§ **Data excerpt**:
________________
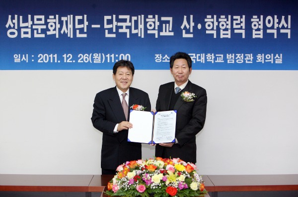성남문화재단 안인기 대표이사와 단국대학교 장호성 총장은 26일 단국대 죽전캠퍼스 범정관에서 산학협력 협약식을 갖고, 상호협력을 약속했다.
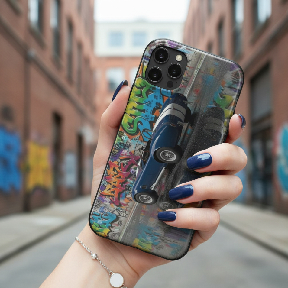 Discover our unique phone cases designed for car lovers and street art enthusiasts. Featuring a striking combination of luxury sports cars and colorful graffiti, these cases deliver a bold, stylish look that makes your phone stand out.
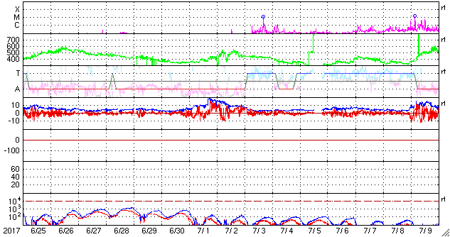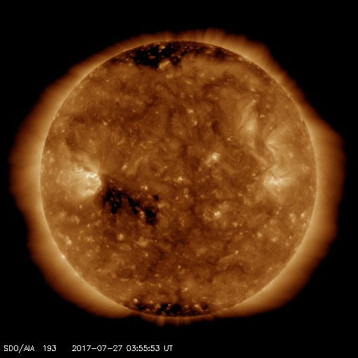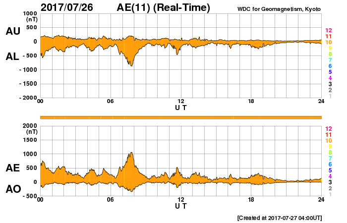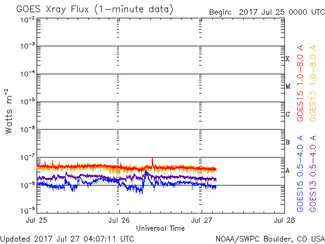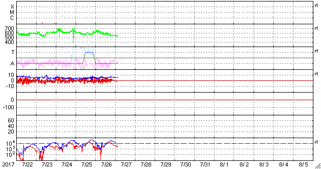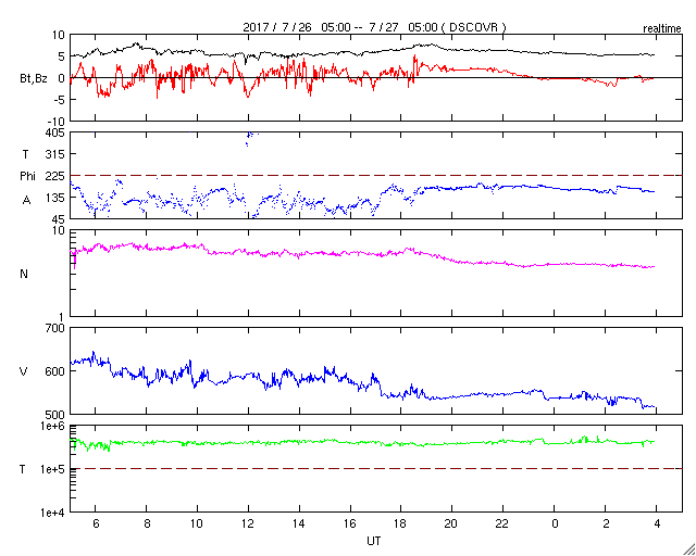 2017/ 7/27 13:07 更新 高速の太陽風は続いていますが、速度は520km/秒に下がっています。 担当 篠原 太陽風の速度は、昨日までは580km/秒を保っていましたが、 今日に入ると550km/秒へ一段下がり、 昼頃には520km/秒へ下がっています。 高速の状態は続いていますが、そろそろ終わりに向かうのでしょうか。 太陽府の磁場強度は、5nT付近を推移していて、 こちらは下がる様子は見られません。 南北成分は、グラフの前半は細かい変化が見られましたが、 後半に入ると変化がなくなり、0nT付近に留まっています。 このため、AE指数のグラフも、 初めは500nT前後の活動が続いていますが、 次第に変化がなくなって、穏やかになっています。 SDO衛星AIA193の太陽写真では、 太陽の中央のやや南東寄り(左下)にコロナホールが見えています。 明日くらいに中央線に達し、その3日後くらいから、 太陽風に高まりをもたらすかもしれません。 太陽は、今日も無黒点の状態です。 X線のグラフも変化はなく、太陽はとても穏やかです。
________________
§ **Description of the task**: Where pictures appear, skip them and transcribe all other material word for word.

§ **Output of the exercise**:
성남문화재단 안인기 대표이사와 단국대학교 장호성 총장은 26일 단국대 죽전캠퍼스 범정관에서 산학협력 협약식을 갖고, 상호협력을 약속했다.
 Discover our unique phone cases designed for car lovers and street art enthusiasts. Featuring a striking combination of luxury sports cars and colorful graffiti, these cases deliver a bold, stylish look that makes your phone stand out.
 2017/ 7/27 13:07 更新 高速の太陽風は続いていますが、速度は520km/秒に下がっています。 担当 篠原 太陽風の速度は、昨日までは580km/秒を保っていましたが、 今日に入ると550km/秒へ一段下がり、 昼頃には520km/秒へ下がっています。 高速の状態は続いていますが、そろそろ終わりに向かうのでしょうか。 太陽府の磁場強度は、5nT付近を推移していて、 こちらは下がる様子は見られません。 南北成分は、グラフの前半は細かい変化が見られましたが、 後半に入ると変化がなくなり、0nT付近に留まっています。 このため、AE指数のグラフも、 初めは500nT前後の活動が続いていますが、 次第に変化がなくなって、穏やかになっています。 SDO衛星AIA193の太陽写真では、 太陽の中央のやや南東寄り(左下)にコロナホールが見えています。 明日くらいに中央線に達し、その3日後くらいから、 太陽風に高まりをもたらすかもしれません。 太陽は、今日も無黒点の状態です。 X線のグラフも変化はなく、太陽はとても穏やかです。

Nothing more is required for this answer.